Selain itu juga, karena kultur Lasem juga banyak terpapar dengan kebudayaan Tionghoa, motif yang muncul juga berbentuk naga, kilin dan burung hong.

Lantas apa yang membedakannya dengan motif Pekalongan? Jelas adalah warna Lasem yang sangat berkarakter yaitu sering disebut dengan “merah darah ayam” karena merahnya yang unik. “Ini disebabkan karena kandungan mineral pada air di lingkungan Lasem yang lebih tinggi dibanding dengan daerah-daerah yang lain,” tambah Priscilla.

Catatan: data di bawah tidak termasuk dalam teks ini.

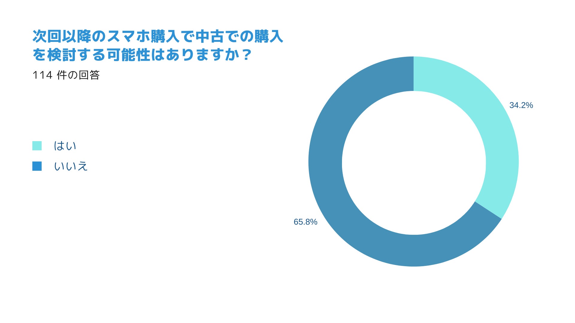 次回以降のスマホ購入で中古での購入を検討する可能性が「ある」と答えた人が39人(34.2%)、「ない」が75人(65.8%)でした。
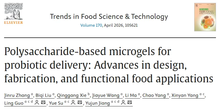 近日,东北农业大学郭鸰教授、姜毓君教授团队在国际食品Top期刊《Trends in Food Science & Technology》(Q1,IF: 15.4)发表题为“Polysaccharide-Based Microgels for Probiotic Delivery: Advances in Design, Fabrication, and Functional Food Applications”的综述型论文。东北农业大学硕士研究生张金茹为第一作者,通讯作者为东北农业大学乳品科学教育部重点实验室郭鸰教授和姜毓君教授。
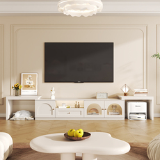 原木奶油风2024新款电视机柜茶几组合圆角客厅落地小户型现代简约
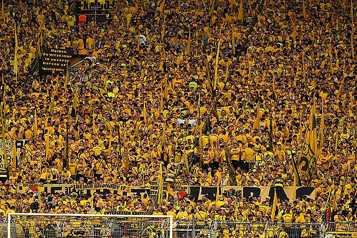 Как же они болеют на «Вестфаленштадионе» – масштабных баннеров на этот раз не заготовили, но фанаты на знаменитой «Желтой стене» запаслись флагами.
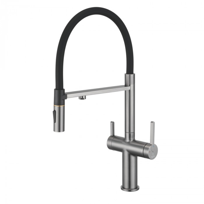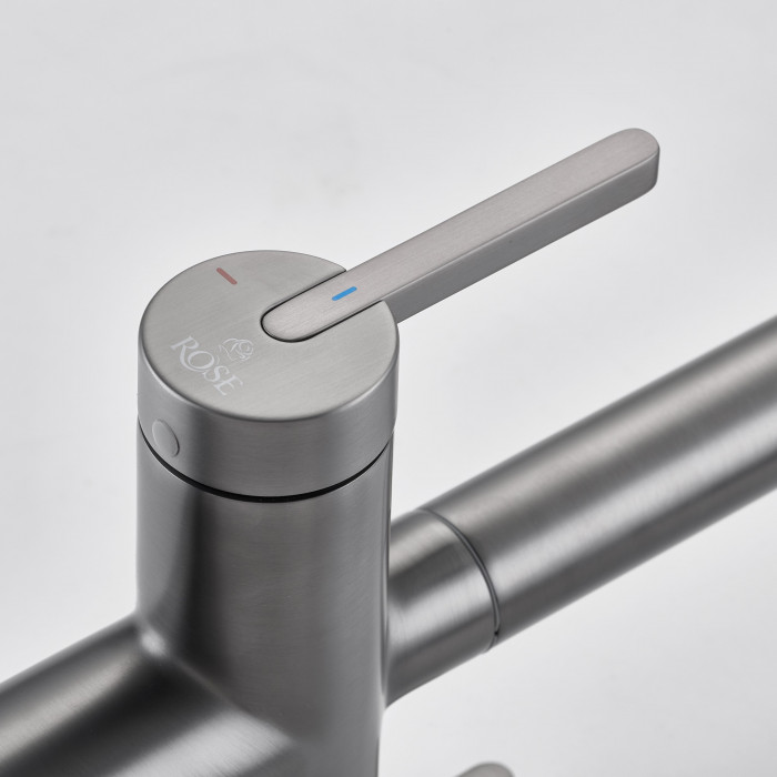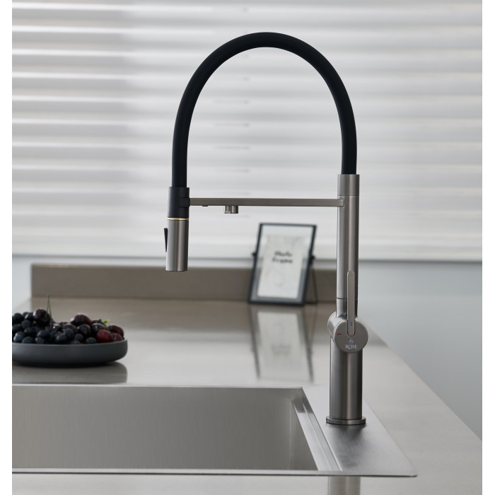 Смеситель для кухни с подключением фильтра для воды Rose R458T, оружейная сталь
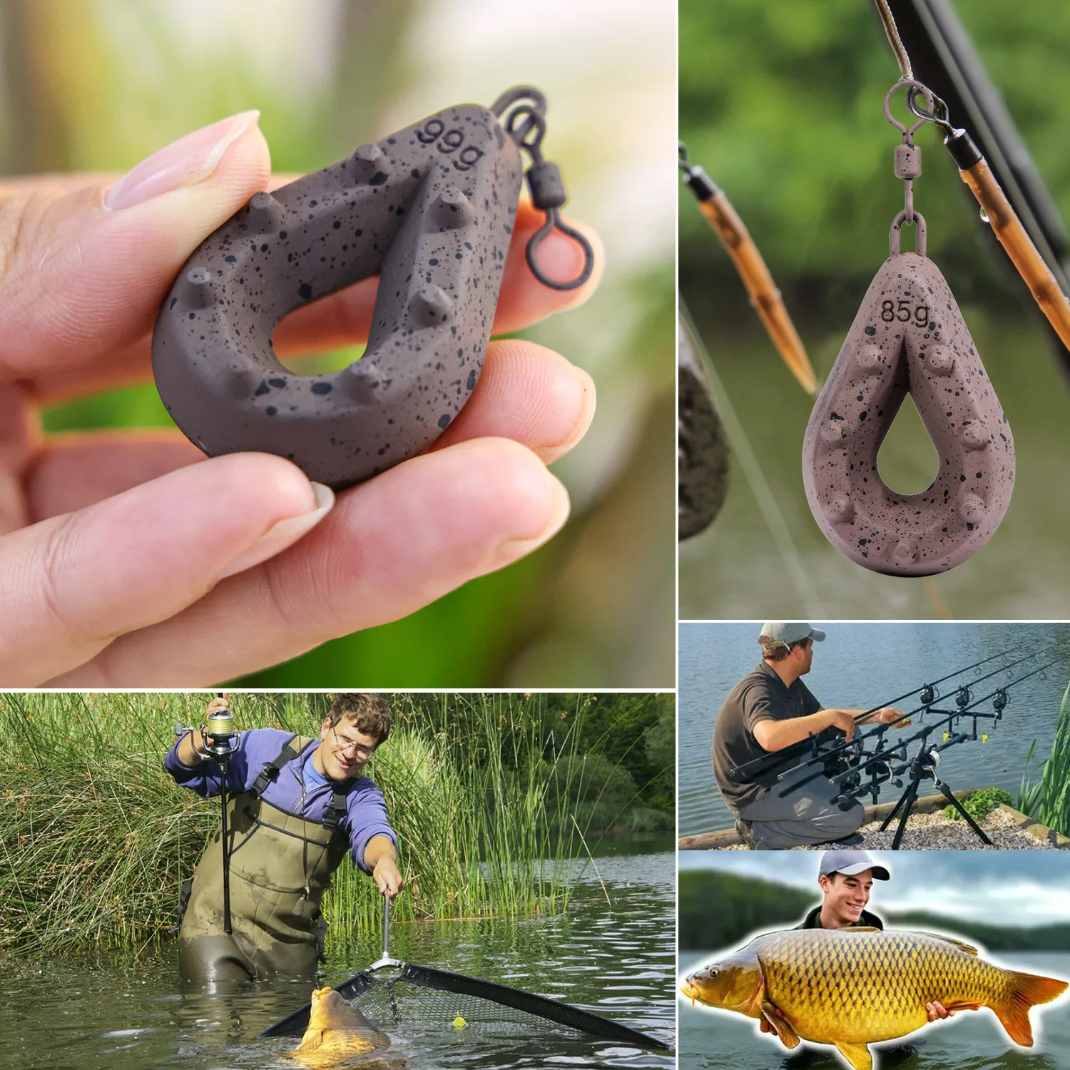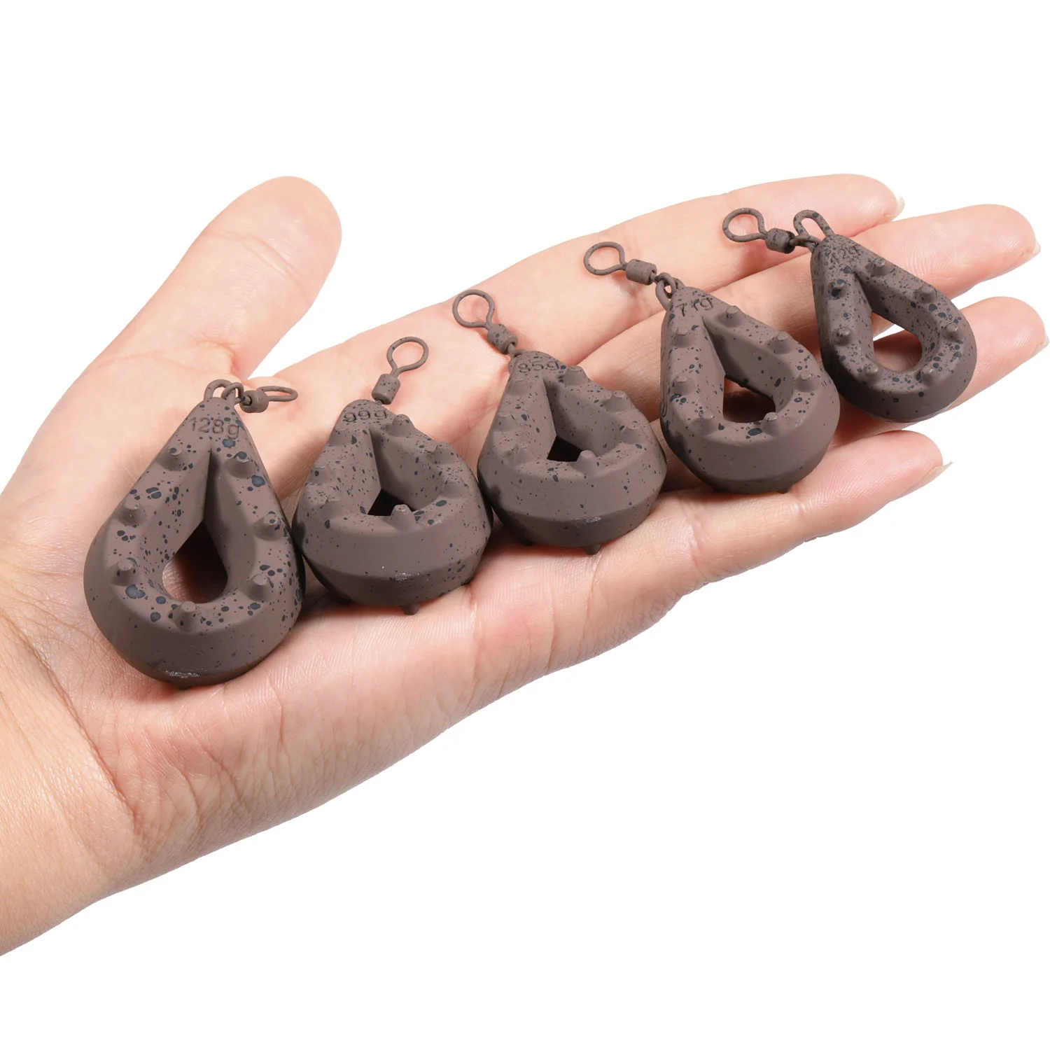 Sougayilang 5pcs Fishing Lead Weights-Teardrop Shape with Coated Surface-Hollow Carp Weights for Slow Release Bait-Fits Any Clip
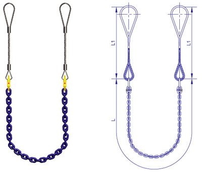 鋼絲繩索具與鏈條索具之間用相應噸位的長吊環連接,鏈條與吊環之間可以用連接環連接也可以用鏈條卸扣連接。

Salah satu motif batik Lasem (Foto: Ester Pandiangan)
Salah satu motif batik Lasem (Foto: Ester Pandiangan)

Pop sebagai pemerhati kebudayaan dan heritage di Lasem yang turut hadir dalam acara tersebut berkomentar kalau menurutnya Lasem punya paduan yang unik antara warna dan motifnya. Terkadang kondisi unik tersebut mengacu pada abstrak yang membuat penampilan si pemakai terkesan klasik dan elegan.

Walaupun batik Lasem sudah semakin dikenal, bukan berarti memudahkan langkah Priscilla dan pengrajin batik lainnya, perlu tetap ada terobosan dan kreativitas supaya batik Lasem tidak tenggelam ditelan zaman.